While these expression studies are important, they simply demonstrate that PGRMC1 and in some cases PGRMC2 and PAIRBP1 are expressed in various ovarian cell types of all species studied. They do not, however, demonstrate a causal relationship between progesterone’s ability to regulate ovarian function through a pathway mediated through PGRMC1 and/or PGRMC2.

3. PGRMC1 as a Mediator of Progesterone’s Actions

To demonstrate that PGRMC family members are involved in regulating ovarian function, studies must show that PGRMC1 specifically binds progesterone and that PGRMC1 and PGRMC2 are required for progesterone’s ability to regulate ovarian cell function. The following sections provide evidence that PGRMC1 and PGRMC2 are essential components of the signaling mechanism that mediates progesterone’s actions in ovarian cells.
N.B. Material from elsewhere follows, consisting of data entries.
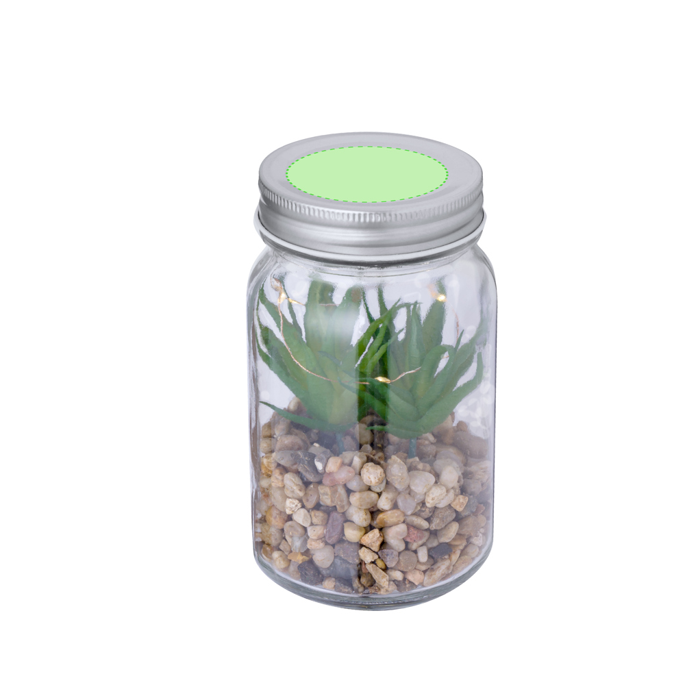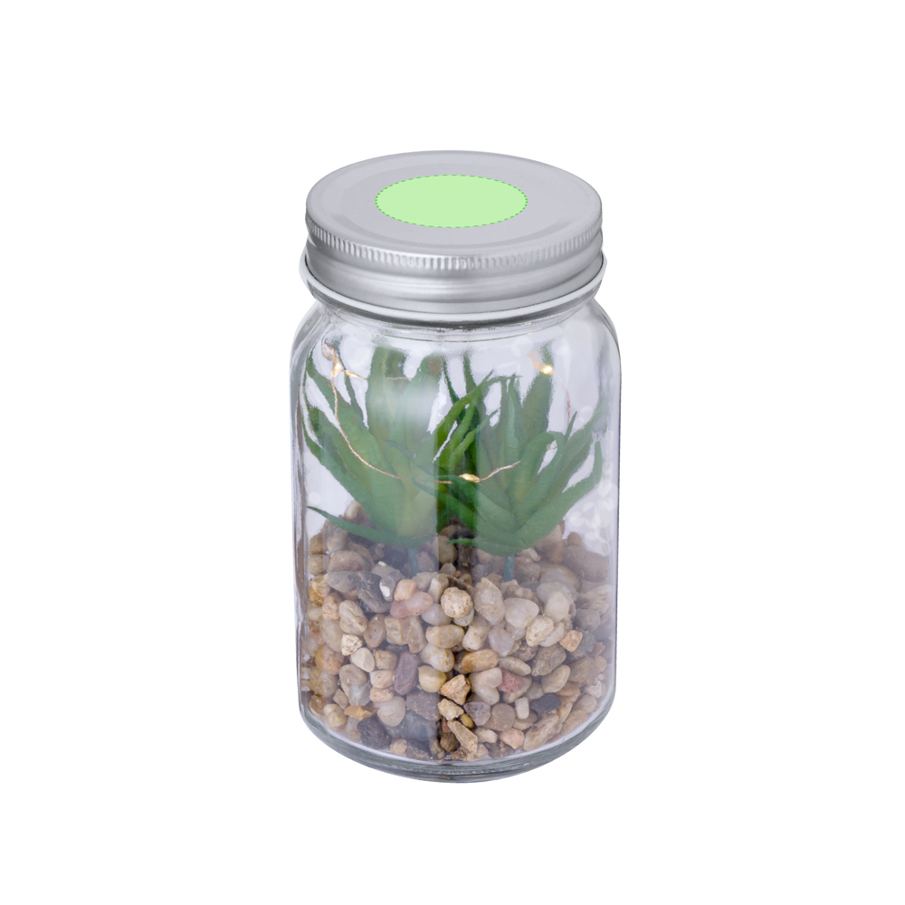 "Decoratieve plant op een voet van stenen, in een pot van borosilicaatglas. Verlicht door 5 LED's en gevoed door 3 AAA-batterijen (niet inbegrepen). Gepresenteerd in een kraft-designdoos.Gemaakt van borosilicaatglas, dat uitzonderlijke sterkte en duurzaamheid biedt, de levensduur verlengt en talloze keren kan worden hergebruikt."
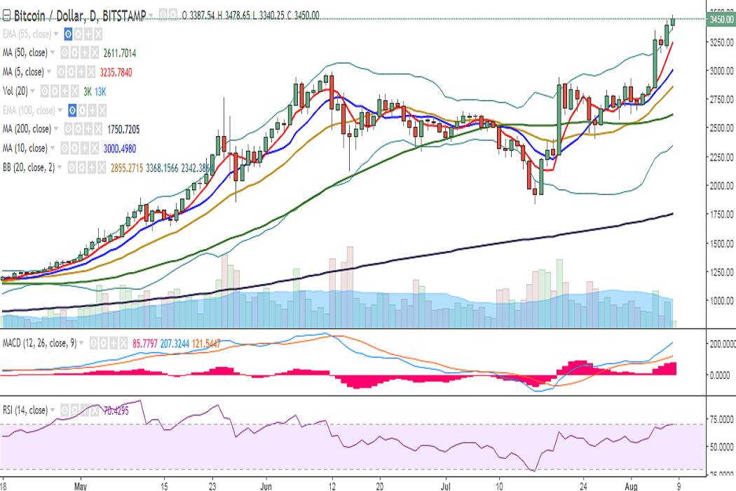 BTC/USD traded higher on Tuesday and hit a fresh all time high at 3478 levels so far in the day. It is currently trading at 3450 levels at the time of writing (Bitstamp).
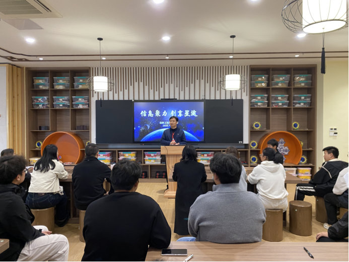 郑旻璐简要介绍了创客周期间的重点活动安排,专利申请实务培训、创新项目小组辅导等内容,并鼓励同学们积极参与、大胆探索,在活动中展现信息工程系学子的创新风采。专利公司指导老师代表也上台发言,承诺将为同学们提供专业的知识产权指导,助力创新成果得到有效保护与转化。
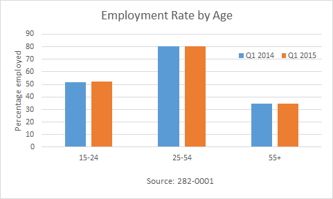 In fact, what we see when we look at employment rates, is that they haven’t budged for any age category. So employment growth in all age groups has only just kept pace with population growth, and not made a dent in our stagnant labour market.
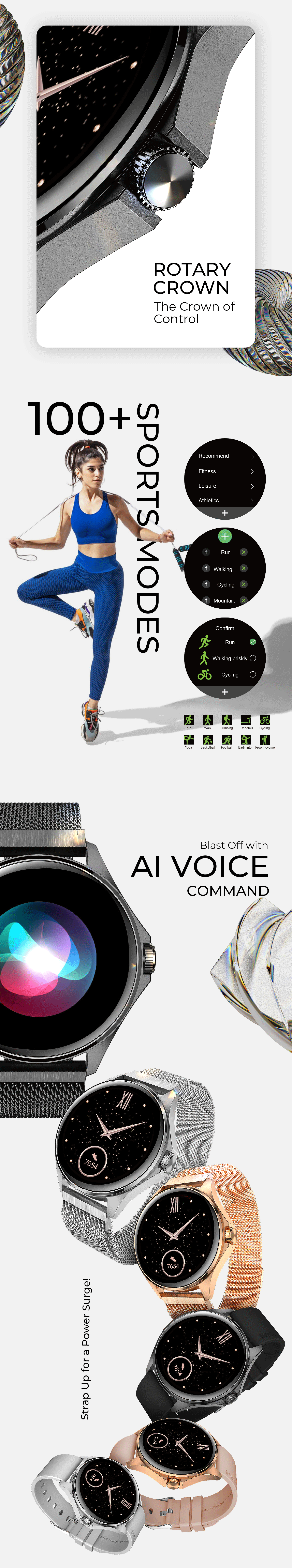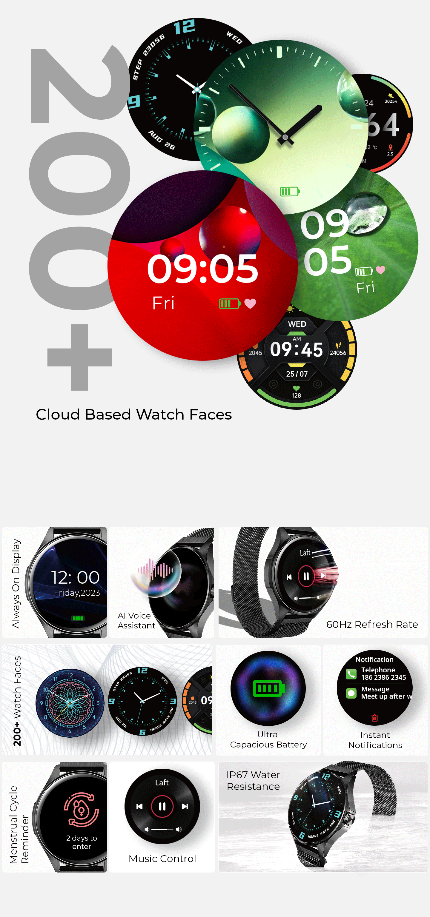 Stay organized with our AI voice assistant and never worry about battery life as Nuke is fast wirelss charging and long-lasting battery smartwatch. Express yourself with our selection of 200+ cloud-based watch faces and take control of your music experience with our music control feature.

3.1. Capacity of PGRMC1 to Specifically Bind Progesterone

Three approaches were used to demonstrate that PGRMC1 specifically binds progesterone. The first approach used SIGCs that do not express PGR. These studies revealed that SIGCs specifically bound 3H-progesterone and that overexpressing PGRMC1 increased specific 3H-progesterone [36]. In addition, depleting PGRMC1 greatly reduced the ability of SIGCs to bind 3H-progesterone [57] but depleting either PAIRBP1 [58] or PGRMC2 [39] did not infer with 3H-progesterone binding.
The second approach used SIGCs that were transfected with an expression vector that encoded a GFP-PGRMC1 fusion protein. The GFP-PGRMC1 fusion protein was then isolated and assessed for its capacity to bind 3H-progesterone. This study showed that GFP-PGRMC1 specifically binds progesterone with Kd of ≈ 35 nM and studies in which various deletion mutants of GFP- porcine PGRMC1 fusion protein indicated that each domain of PGRMC1 was required for maximum 3H-progesterone binding. Further insight into the capacity of human PGRMC1 to bind progesterone was provided by studies that assessed the capacity of a missense point mutation (H165R) of PGRMC1 which was observed in women with premature ovarian insufficiency. This mutation although having reduced ability to preserve cell viability, bound 3H-progesterone with the same affinity (EC50 ≈ 11 nM) as the wild-type PGRMC1 (Figure 2A) [53]. These findings differ from the initial studies conducted using purified porcine liver membranes that detected both a high affinity and a low affinity progesterone binding site but this study did not specifically demonstrate that both bindings sites were due to the presence of PGRMC1 in this preparation [34]. The third approach was to express and purify PGRMC1 from E. coli and monitor progesterone binding activity using UV-vis and resonance Raman spectroscopies. This approach provided direct evidence of PGRMC1′s capacity to specifically bind progesterone [59].
While the previously described studies conclusively demonstrate that PGRMC1 binds 3H-progesterone, an interaction may exist with another progestin binding protein, PAQR7, that could enhance 3H-progesterone binding. This possibility is supported by the finding that overexpression of PGRMC1 increases the amount of both PGRMC1 and PAQR7 that localizes to the plasma membranes [60]. Unfortunately, this study did not reveal the amount of progesterone that bound to PGRMC1 verses PAQR7. PGRMC1 does interact with PAQR7 [61] and depleting PAQR7 limits the effectiveness of progesterone’s action [61] but the mechanism by which depleting PAQR7 influences the biological actions of progesterone in ovarian cells still remains to be determined.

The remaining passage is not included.